Linux Mint Developer Forks Gnome 3
An anonymous reader writes "Clement Lefebvre, the Linux Mint founder, has forked Gnome 3 and named it Cinnamon. Mint has experimented with extensions to Gnome in the latest release of their operating system, but in order to make the experience they are aiming for really work, they needed an actual fork. The goal of this fork is to use the improved Gnome 3 internals and put a more familiar Gnome 2 interface on it."
I have converted all of my systems to XFCE. It feels like an older, simpler and leaner Gnome to me and some of the applets even have better functionality.
thegodmovie.com - watch it
Actually, Jon McCann, in an interview, seemed to say that user configurability is a bug, detracting from GNOME presenting a single face to people who might consider switching to GNOME. "And I think there is a lot of value to have that experience you show the world to be consistent. In GNOME2 we didn't do that particularly well because everyone's desktop was different."
Modularity is a good thing. It's not cutting up things into a lot of small modules (aka "libraries") that's the problem.
It's doing it wrong.
Look at the typical bash shell and GNU utilities we all use every day. They are hundreds of small executables, libraries, etc. But they are not a mess. They all do one thing, and do it well. That's part of the UNIX philosophy, and for a reason.
Are you joking? They absolutely are a mess, and I say that as someone who uses them every day. I'm just not fooling myself into thinking they're not a mess. UNIX shells and utils have had a chaotic development history and are chock full of bad design. Most of the good utils do a lot more than one thing, and they are usually far less than excellent, just good enough to suffice if you fight them long enough to get them to do what you want. And don't get me started on the gaping abyss of existential Lovecraftian horror that is shell code, or (shudder) Perl. (and I even like perl! But it's also an eldritch tool of the Many-Angled Ones.)
The only reason the entire lot hasn't been incinerated and replaced by saner tools with better and more consistent design is that there's far too much legacy code out there which depends on the behavior of existing UNIX shells, tools, and scripting languages. Just look Plan 9. Even though it was very much a UNIX-philosophy OS, only more so, and better designed than the original, by the same people who designed UNIX in the first place, it failed to gain any traction because it came far too late. UNIX already had unstoppable critical mass.

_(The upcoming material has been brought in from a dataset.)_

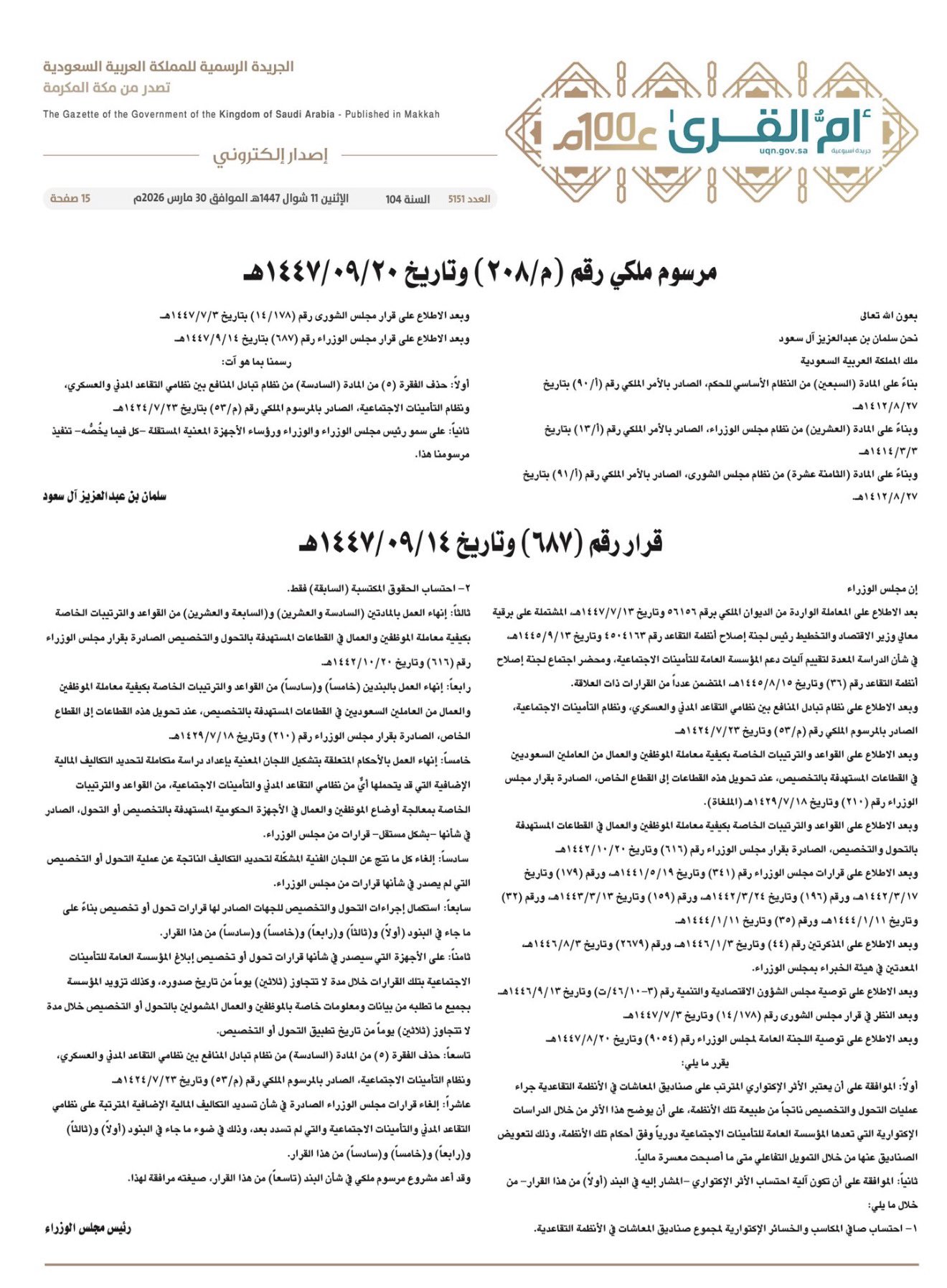 أصدرت الجهات المختصة قرارًا رسميًا شمل عدة تغييرات مهمة على أنظمة العمل والتقاعد في المملكة:

You're falling into the trap of believing that the ideal is the practice. UNIX started out as a very hacky OS because squeezing advanced features into a PDP-7 was Hard. The subsequent 40 years of continuous and divergent development, little of it done by people primarily concerned with "do-one-thing-and-do-it-well", have left that ethos in tatters.
You're also falling into the trap of believing without rational reason that one philosophy of software design is best for everything. One-thing-and-do-it-well is a fine idea for a software environment intended to filter text through independently written programs, but it might not work so great for easy to learn and use GUIs.
In fact, I think every user should have his own fork by default. Where "fork" can mean anything from an empty patch set to fundamental major changes. And everybody should just be able to "subscribe" to whoever else's personal fork, implicitly making that someone else a "distributor" without having to do anything special. So that natural leader/follower structures can arise, and nobody can force anything on anyone.
Okay, so you're a crazy guy.
Also, there is one additional thing you missed: The moment "desktop environments" for Linux started to forget the UNIX philosophies, abandoned the concept of "everything is a file", and chased the Windows and OS X, they were full of FAIL and lost anyway. (There's no file system for your GUI, is there? You can't cat /proc/pid-6939/window-2/grid-3-2/textarea-2. It's all monolithic Windows-like "applications". You can't use a GIMP brush in OpenOffice, you can't use the same text layouting engine for OpenOffice, Firefox and GIMP, etc, etc, etc. It's all just deeply deeply anti-UNIX, harming code re-use, customizability, modularity, and most of all usage efficiency.
This is not even on the same planet as right and wrong.